Transcript
A (0:04)
Welcome to the American Diabetes Association Diabetes Core Update, where we will regularly keep you up to date on the latest clinically relevant articles from the American Diabetes Association's four science and medical journals Diabetes, Diabetes Care, Clinical Diabetes and Diabetes Spectrum. Joining us for this program are Dr. Neal Skolnik, who is a professor of family medicine at Temple University School of Medicine and associate Director in the Family Medicine Residency Program at Abington Memorial Hospital. Welcome, Dr. Skolmik.
B (0:37)
Thank you. It's a pleasure to be here.
A (0:39)
And Dr. John Russell, who is a professor of Family Medicine at Temple University School of Medicine and director in the Family Medicine Residency Program at Abington Memorial Hospital.
C (0:49)
Thank you. I'm looking forward to going over this week's articles.
A (0:53)
And now for the articles.
B (0:55)
We have another excellent issue this month, beginning with an article from Diabetes Care on the safety and efficacy of sitagliptin in the management of inpatient hyperglycemia. Then an article also from the November edition of Diabetes Care on empagliflozin as add on to metformin plus sulfonylureas, followed by an article from Diabetes Care on clinical inertia in patients with type 2 diabetes and how long it takes to add therapy, and concluding with a discussion of the new cholesterol guidelines.
C (1:31)
Our first article in this edition is from the November 2013 edition of Diabetes Care, and it looked at safety and efficacy of sitagliptin therapy for the inpatient management of general medical and surgical patients with type 2 diabetes. This study was designed to look at the safety and efficacy of sitagliptin for inpatient management of patients with type 2 diabetes on general medical and surgical floors. It was a multi center, open label, randomized trial that looked at 90 patients with a known history of type 2 diabetes who are treated with diet, oral diabetic agents or a low total daily dose of insulin less than 0.4 units per kilogram per day. The patients were randomized to receive sitagliptin alone or in combination with glargine insulin or a basal bolus insulin regimen plus supplemental correction doses of lispro.
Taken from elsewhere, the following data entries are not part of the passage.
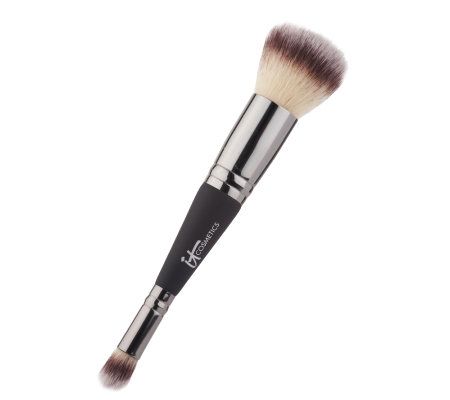 Using the large end of the Heavenly Luxe Dual Airbrush Foundation/Concealer Brush, apply your favorite wet or dry foundation or concealer, using circular motions, to larger areas of your face. Use the smaller micro-end to apply foundation or concealer to harder-to-reach areas such as along your nose and under/around your eyes.
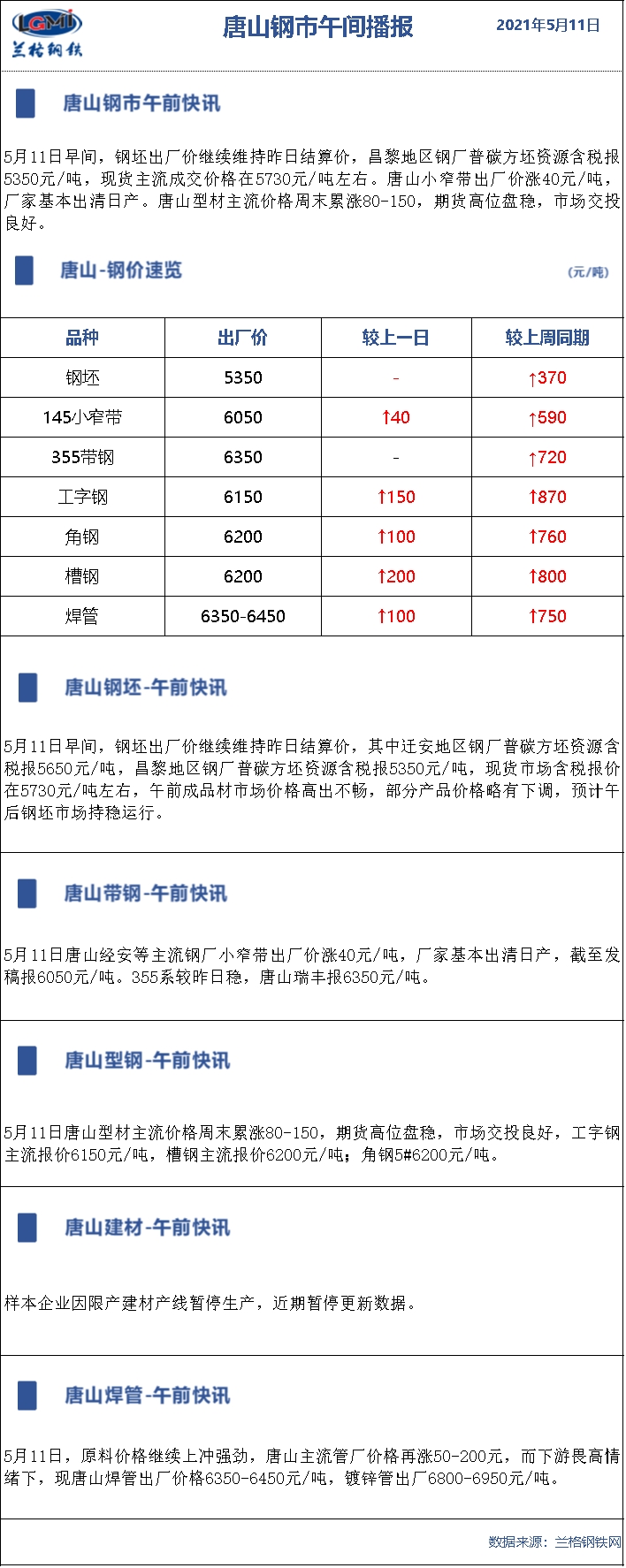 5月11日兰格唐山钢市午间播报
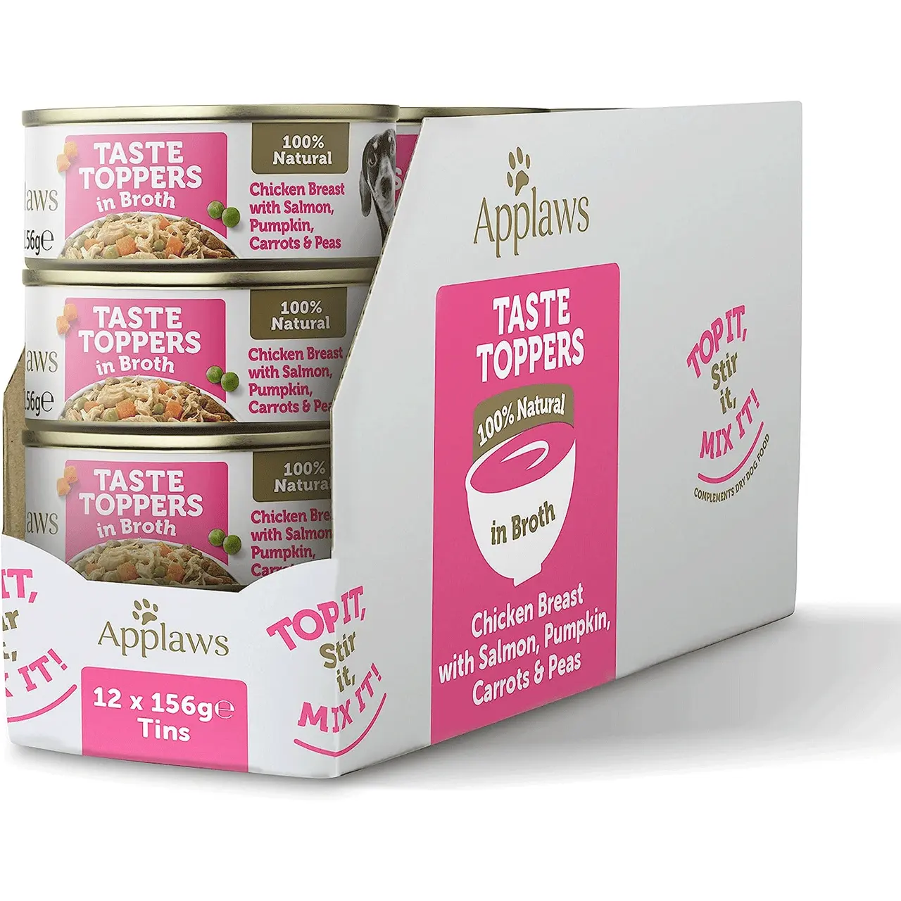 Elevate Mealtime Delights: Applaws Taste Toppers – Chicken Breast with Salmon, Pumpkin, Carrots & Peas in Broth Tin
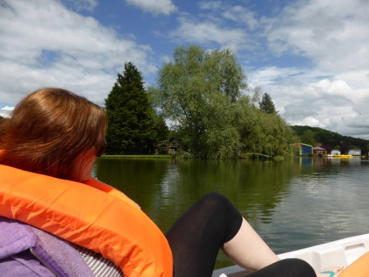 This campsite is based around a large-ish fishing lake, and has expanded that to two and a half fishing lakes and one paddling lake since I was last there, so one afternoon we hired a pedalo and spent a while on the water, as planned and with the camera safely in its case.
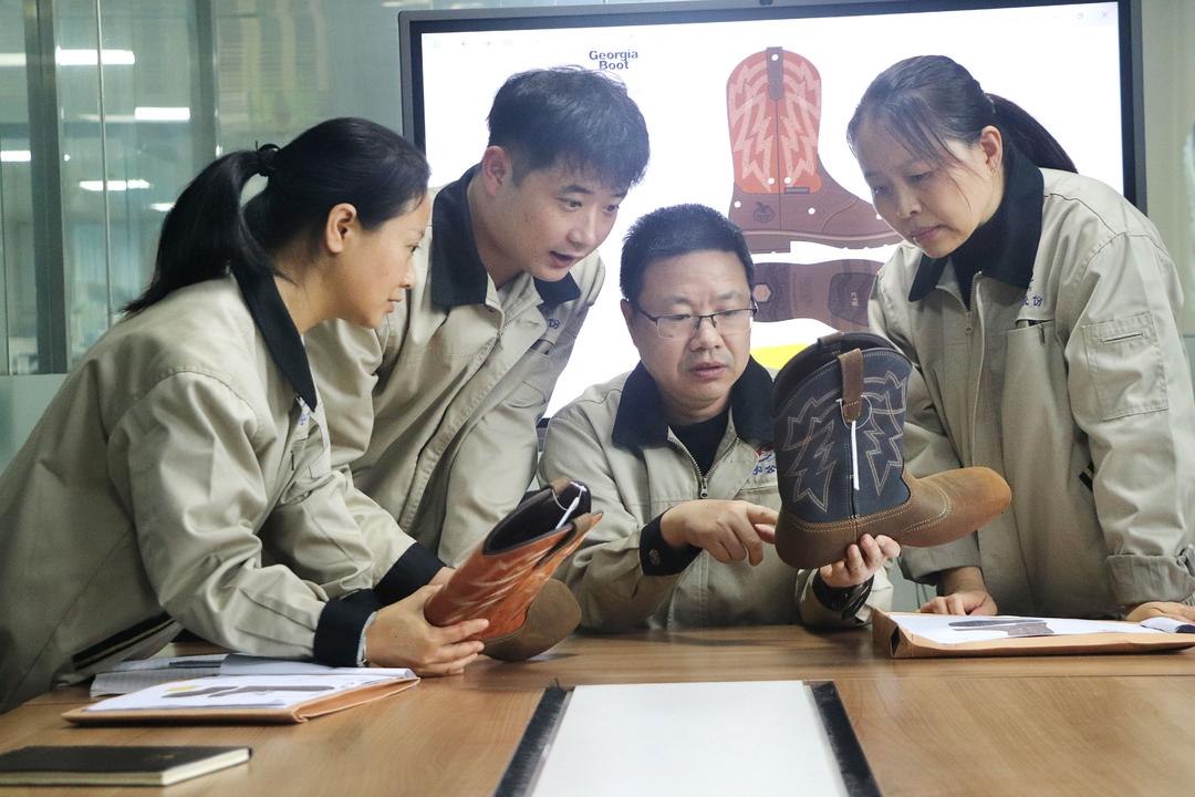 10月12日,在山东省高密市海宇股份有限公司生产车间内,设计师在讨论鞋样。
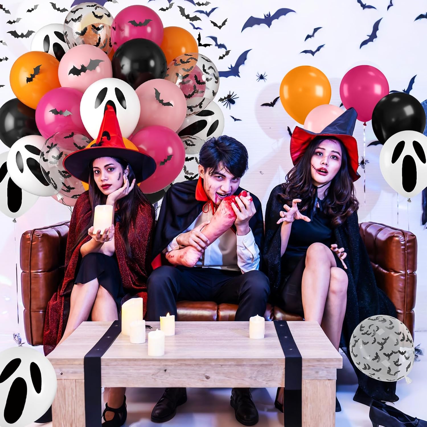 Orange Pink Halloween Balloons, 12 Inch Ghost Balloons, Black Orange and Hot Pink Latex Balloon with Bat Sticker, Bat Print Balloon for Kids Girls Birthday Ghost Theme Halloween Party Decorations

Major study outcomes included differences in daily blood glucose frequency of treatment failures, which was defined as three or more consecutive blood glucoses greater than 240 or a mean daily blood glucose greater than 240. They also looked at hypoglycemia between the groups. The glycemic control improved similarly in all treatment groups. There were no differences seen in the mean daily blood glucose after the first day of treatment, number of readings within a blood group, close target of 70 to 140, number of blood glucose readings greater than 200, or number of treatment failures. The total daily insulin dose and number of insulin rejections were significantly less in the sitagliptin groups compared with the basal bolus insulin group. There were no differences seen in length of hospital stay or the number of hypoglycemic events.